With huge money riding behind the cricket rights that Star India has acquired, Mohan is going to play a crucial role in helping monetise what some are calling very expensive acquisitions. Moreover, the global big boys are gearing up to carve out huge slices of India’s one-billion-plus mobile populace. Netflix, Amazon, Facebook, YouTube and JioTV are the majors with deep pockets that will pull out all the stops in terms of content—local and global originals—to gain traction. But Mohan, while respectful of the other players, is quite clear that he and his team will be digging in their heels and will battle without yielding any quarter.

He was in Bali at APOS and he had a conversation with MPA’s Vivek Couto on stage. Excerpts from the interview:

So, what’s the latest that has happened that has got the team excited?

We crossed 7.1 million concurrent users last week. We are gunning for the largest number of concurrent users online. To the best that we know, it is eight million. And that is the number we are aiming for in this IPL. At 10 million, many elements of the internet ecosystem will be tested and challenged. We want to get to eight million before we get to 10 million. If I circle back three years ago when we launched Hotstar, 1.5 million was what was testing what the internet ecosystem could take. I think a lot of different parts of the networks are really geared up. I think we are a much better tech company than we were three years ago. I do believe there is a path to 10 million but I don’t want to jinx it.

Tell us a little bit about your journey at Hotstar.

A good friend of mine who works for one of the global tech companies told me in 2014 when I was about to take up the position: “Many broadcasters have gone down this path. You should try it. Because it's good to try things in life. But in six months, you will probably figure out that this is probably not for a media company.”

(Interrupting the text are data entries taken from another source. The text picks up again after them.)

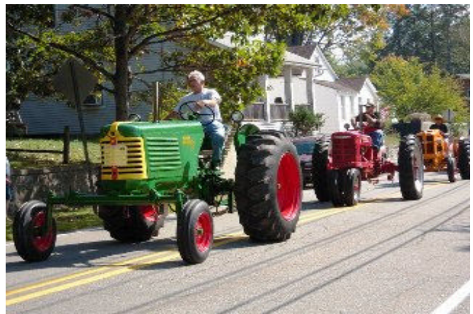
Next came the tractors.
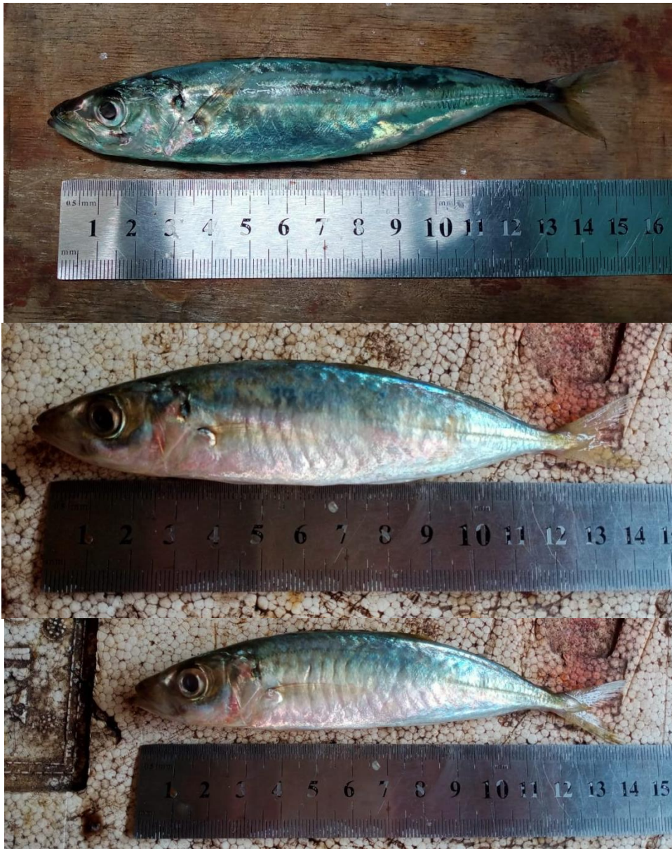
Gambar 25. Pengukuran panjang ikan layang ( Decapterus russelli )
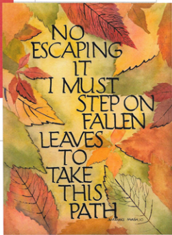
Cathy Bauer - Arches 140lb, 9x12 inches, watercolours, Higgins ink with dip pen.
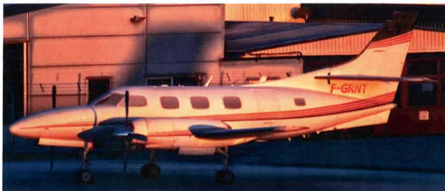
Metro IIIB F-GRNT parked at Multflight/East on a cold dawn, 20/1

GENERAL AVIATION:- King Air 200 G-BVMA from Cardiff(0747) to Dublin(0808).
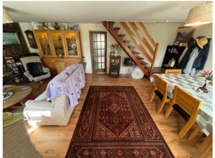
LIVING ROOM (SECOND IMAGE)

23' 4" x 14' 7" (7.11m x 4.45m). With exposed stone walls with an impressive open fireplace housing a large cast iron multi fuel stove, laminate flooring, two radiators, open tread staircase to the first floor accommodation.
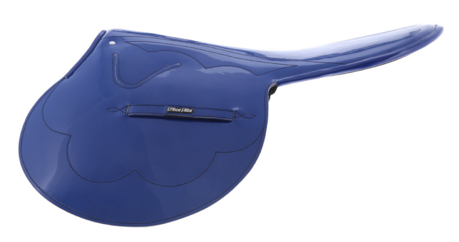
Forward cut flap option available
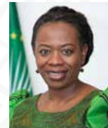
H.E. Monique Nsanzabaganwa, Deputy Chairperson, AU
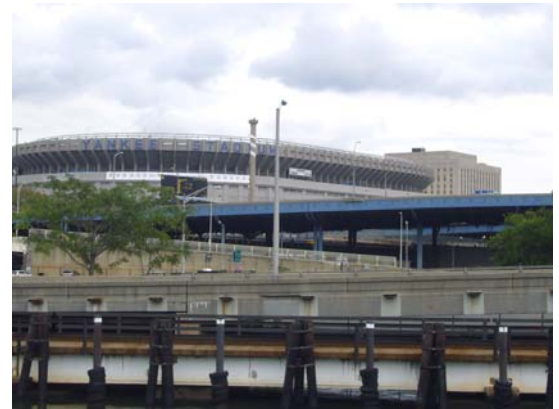
Old Yankee Stadium
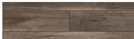
BB-XIV Cliffside Oak
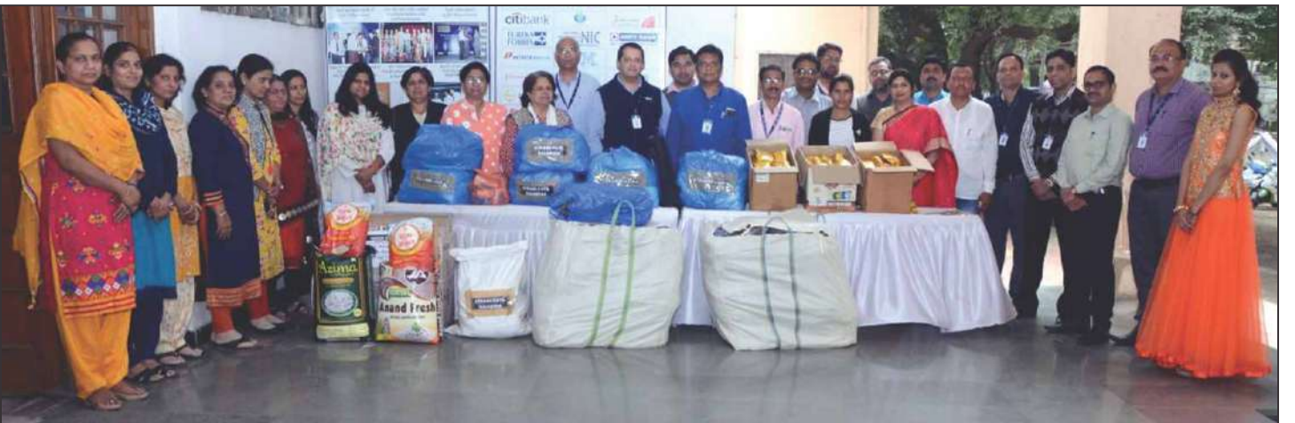
Donations to 'Snehabandh', 'Athare Patil Bal Gurha', 'Green Sole', Navi Mumbai NGO & 'Utkarsh Balghar

And, for me, if I step back and think about what’s happening in Asia, a few things stand out. I think the global tech majors have done an amazing job in shaping many markets. But I think they have also been quite successful in seeding this narrative that there is no future for old media companies. We are establishing that, especially at Hotstar, that the narrative is not true. That if you really build a service that has its DNA in storytelling and you build technological capabilities around it. I think, the future is very much for people who are grounded in stories but who have the aggression and forward-looking approach in building real technical capabilities. And I genuinely believe that one of the myths that has been broken is the belief that it would be short-form content that would work on the mobile. And most of the world is seeing the internet for the first time on a mobile. I think that has been turned on its head. The consumers' appetite is for great stories; it’s for curated long-form content, the kind of stories that have worked for the last 40-50 or 400 years. And for me that is the big proof of concept that Hotstar has provided for the rest of the world that it is for us to shape this future. That we are very much at the centre of the story.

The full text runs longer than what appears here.